About this task: Using only the entries below, output the lines starting at the one containing "虽然在汕头夜宵中也有卤水烫腐" and ending at the one containing "Schon in den", exactly and inclusive of both, omitting the pictures.

Task inputs:
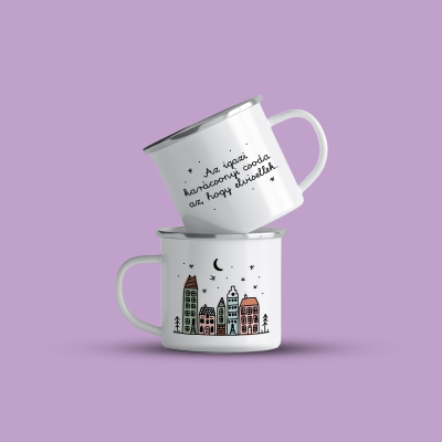 Cană emailată de calitate cu o capacitate de 360 ml. Grafica este unică si desenată manual.
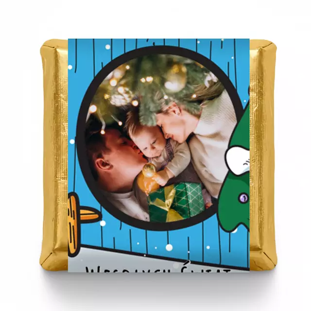 Każdą czekoladkę jest zapakowana w złotą folię i dodajemy etykietę z Twoim własnym projektem. Może to być zdjęcie rodzinne, logo firmy, życzenia świąteczne albo zabawny tekst – Ty decydujesz, jak będzie wyglądał Twój słodki upominek.
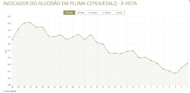 據(jù)外電4月8日消息,4月8日巴西CEPEA/ESALQ棉花價(jià)格指數(shù)報(bào)每磅80.71美分,較前一日上漲0.82%。
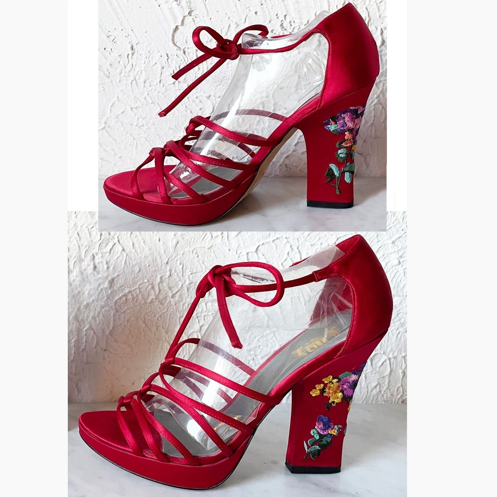 JLo Red Satin Strappy Heels Embroidered and 21 similar items
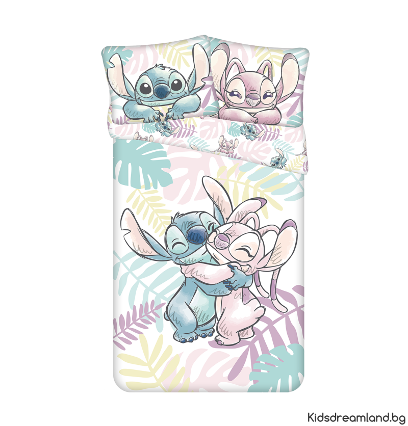 Спален комплект с размери 140 х 200 см + 70 х 50 см. Спалното бельо е изработено от висококачествен 100% памук и се затваря с цип както на възглавницата, така и на завивката. Оригинално спално бельо, което ще се превърне в идеално допълнение към всяка стая. Спалното бельо е за деца, но и за възрастни, които обичат Stitch Детското памучно спално бельо се характеризира с дълъг живот и запазване на цвета дори след много пранета.
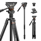【NEW Q6 Fluid Head】 Multifunctional aluminum camera video tripod,newly upgraded Q6 gimbal is compatible with DJI RS2/RS3 ,Manfrotto Quick Release Plate,supports 360 ° panoramic view and+90 °/-70 ° tilt, which can bring a good feeling for smooth operation and easily capture stable and smooth videos 【Heavy Duty Metal Camera Tripod】Made of high quality aluminum alloy, the tripod is sturdy and lightweight.Telescopic drag handle can be retracted and detached, space-saving design for easy shooting,ideal for field and landscape photography or outdoor video shooting and filmmaking.Side 1/4" side screw holes for microphone, monitor or light 【Upgrade Quick Installation System】Compared with the traditional slide-in structure, press the QR plate directly from the top of the head and lock it within 1 second,or you can quick locking and releasing of the pull bolt the QR plate via the side,convenient to switch between tripod and gimbal shooting,for photographers quickly place the camera.Equipped with foldable panels, more possibilities for angle locking to switch between horizontal and vertical lenses.With L-shaped hexagonal key, the camera can be fixed without the need for additional tools 【Adjustable Height】360°thickened footbed, anti-skid design, fully applicable to complex terrain.Weight capacity of 10KG and folded length of 56cm, 4-section column legs with knob lock allows you to adjust the working height from 22.8" to 69.3".Unique internal quick plate update design with wrench allows photographers to quickly connect the camera without any other tools 【Multifunctional Tripod 】 The monopod with 180° upward folding legs, easily converted into a monopod by combining the center column with the detachable tripod legs; reversible center roll ,the monopod can be adjusted according to the different shooting needs of the photographer
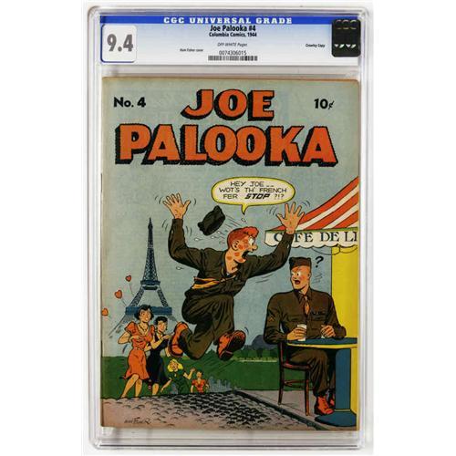 <B>Joe Palooka (1st series) #4 Crowley Copy pedigree (Columbia Comic Corporation, 1944) CGC NM 9.4 Off-white pages.</B></I> Joe's pal Jerry Leemy has a real <I>ooh la la</B></I> problem on this World War II cover illustration, which carries the signature of cartoonist Ham Fisher. This is the last of four issues published by Columbia Comics; after the war, the character moved over to Harvey for a long and successful run. Of the two copies of this issue currently listed in CGC's census report, this is by far the highest graded example. Overstreet 2005 NM- 9.2 value = $385. CGC census 12/05: 1 in 9.4, none higher.
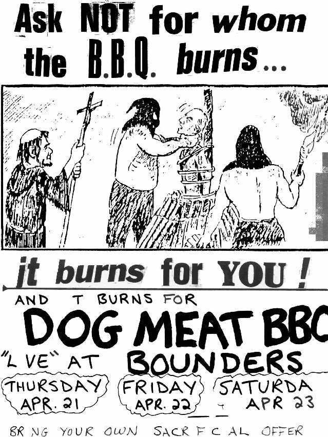 Dog Meat BBQ was formed in St. John's, Newfoundland, in the early summer of 1986. The main instigators were vocalist Mike O'Brien and guitarist Wallace Hammond, formerly of The Bubonic Plague, a punk band formed in St. John's in 1982, which had disbanded in Toronto in 1985. They were soon joined by bassist Duncan Snowden of The Riot, another St. John's punk band. Filling out the initial line-up was drummer Justin Hall, who had earlier played with Wallace in the legendary punk group Da Slyme.
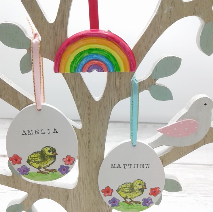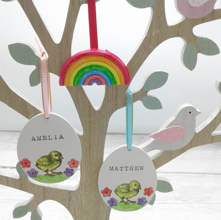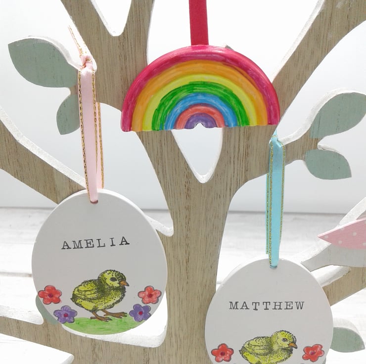 This is a personalised ceramic Easter egg decoration, plus free ceramic rainbow. The ceramic egg is hand painted, wrapped in coordinating tissue paper and presented in a gift box.
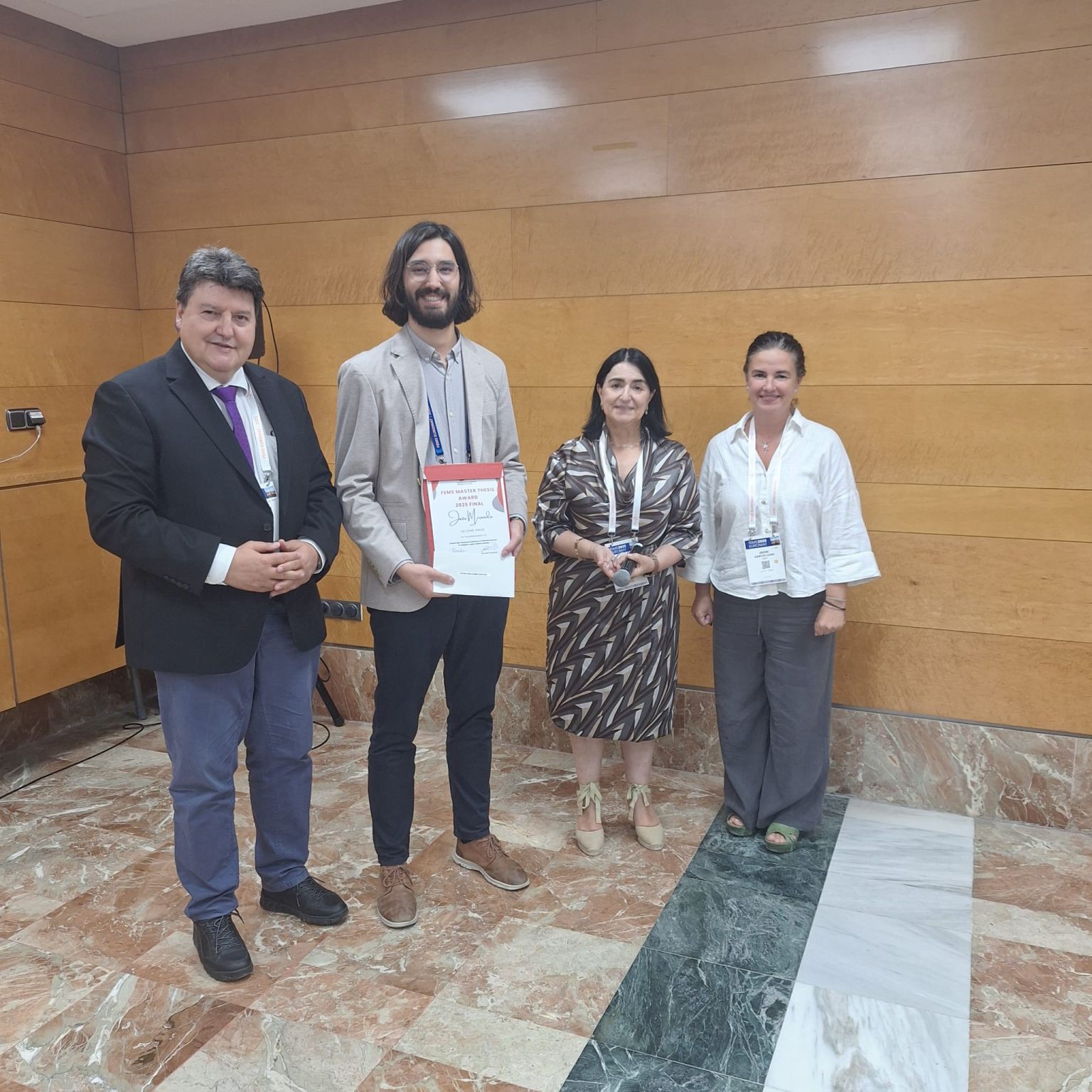 João Lopes Miranda, membro da Sociedade Portuguesa de Materiais (SPM) e atualmente doutorando no CICECO – Instituto de Materiais de Aveiro e no Departamento de Engenharia de Materiais e Cerâmica - DEMaC (Universidade de Aveiro), conquistou o 2.º lugar no FEMS Master Thesis Award 2025, um prestigiado concurso europeu que distingue teses de mestrado de excelência em ciência e engenharia de materiais. A cerimónia de entrega dos prémios decorreu durante o FEMS EUROMAT 2025, em Granada, Espanha.
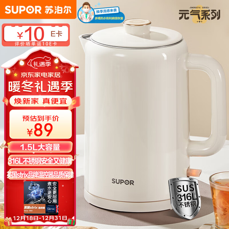 苏泊尔(SUPOR)电水壶热水壶 1.5L全钢无缝内胆 双层防烫电热水壶 316L不锈钢烧水壶 SW-15T108A价格:88.00元!
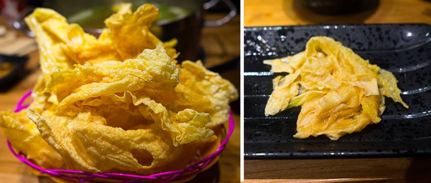 虽然在汕头夜宵中也有卤水烫腐皮这一味,但其实在当地吃牛肉火锅,大家并不会加炸腐皮,后来传到广州加上了这货,以至于现在外地的店里也成了不可或缺的一项。好的炸腐皮,表面气泡均匀而较为小,颜色金黄,用手掰开也是酥脆的质地。
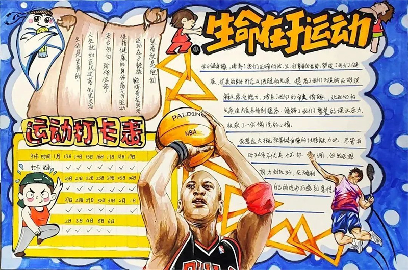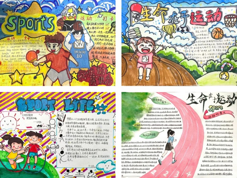 此外,同学们还精心设计、细心绘制了一张张精美的运动主题手抄报。这些作品色彩鲜艳、富有创意。让我们欣赏一下吧!
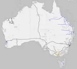 Schon in den 1890ern hatte jede australische Kolonie mindestens eine Bahnstrecke und in den bevölkerungsreichen Kolonien an der Ostküste unterstützten Strecken vom Hinterland zu den Seehäfen den Export von Rohstoffen und landwirtschaftlichen Erzeugnissen. Zu seiner Glanzzeit in den 1920ern und 1930er Jahren war das australische Schienennetz circa 45.000 Kilometer lang – mit dem Aufstieg von Luft- und Straßenverkehr in Australien schrumpfte es. Anfang der 1990er Jahre hatte es noch 36.000 Kilometer.[2] Heute hat es eine Länge von 38.445 Kilometern.[3]
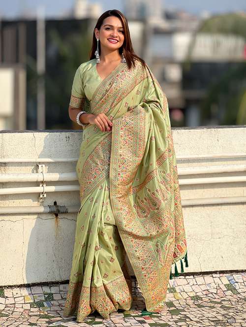 leeli peeri designerWomen's Soft Silk Woven Zari Work Saree With Unstitch Blouse Piece
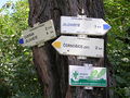 Rozcestník turistických značek v Kazíně. |
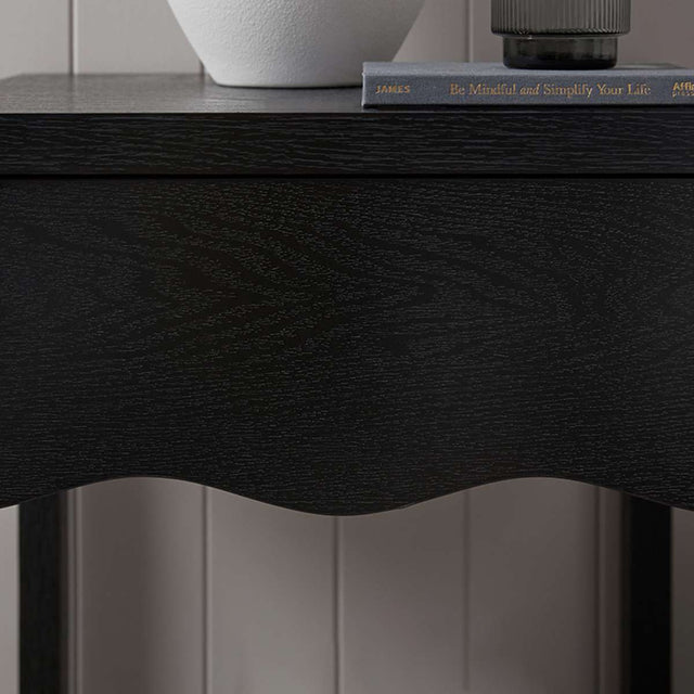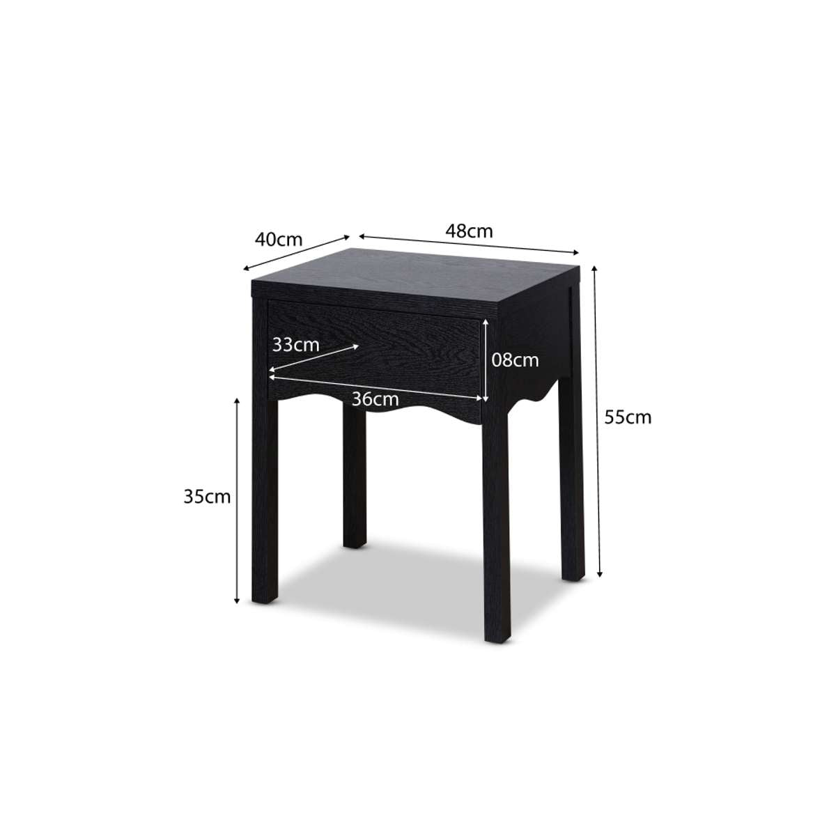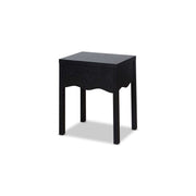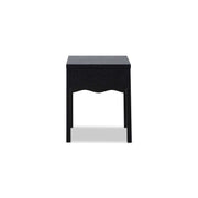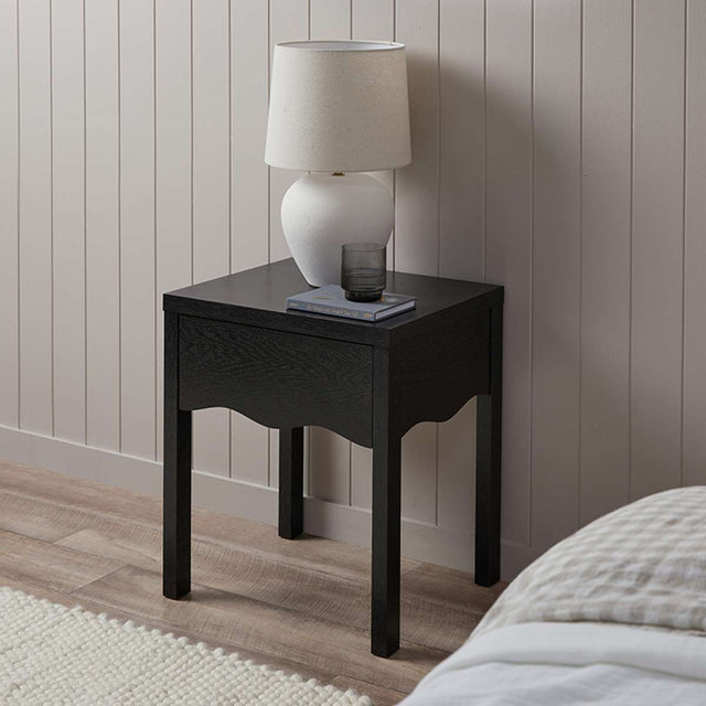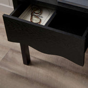 Introducing the Malena Bedside Table in Black, a striking addition to your bedroom that draws inspiration from the contemporary wave design trend. This piece offers a fresh and dynamic perspective, breathing new life into your bedroom sanctuary. Its textured surface adds a tactile element, while the drawer provides storage to keep your essentials out of sight but within easy access.

Your solution:
 虽然在汕头夜宵中也有卤水烫腐皮这一味,但其实在当地吃牛肉火锅,大家并不会加炸腐皮,后来传到广州加上了这货,以至于现在外地的店里也成了不可或缺的一项。好的炸腐皮,表面气泡均匀而较为小,颜色金黄,用手掰开也是酥脆的质地。
 此外,同学们还精心设计、细心绘制了一张张精美的运动主题手抄报。这些作品色彩鲜艳、富有创意。让我们欣赏一下吧!
 Schon in den 1890ern hatte jede australische Kolonie mindestens eine Bahnstrecke und in den bevölkerungsreichen Kolonien an der Ostküste unterstützten Strecken vom Hinterland zu den Seehäfen den Export von Rohstoffen und landwirtschaftlichen Erzeugnissen. Zu seiner Glanzzeit in den 1920ern und 1930er Jahren war das australische Schienennetz circa 45.000 Kilometer lang – mit dem Aufstieg von Luft- und Straßenverkehr in Australien schrumpfte es. Anfang der 1990er Jahre hatte es noch 36.000 Kilometer.[2] Heute hat es eine Länge von 38.445 Kilometern.[3]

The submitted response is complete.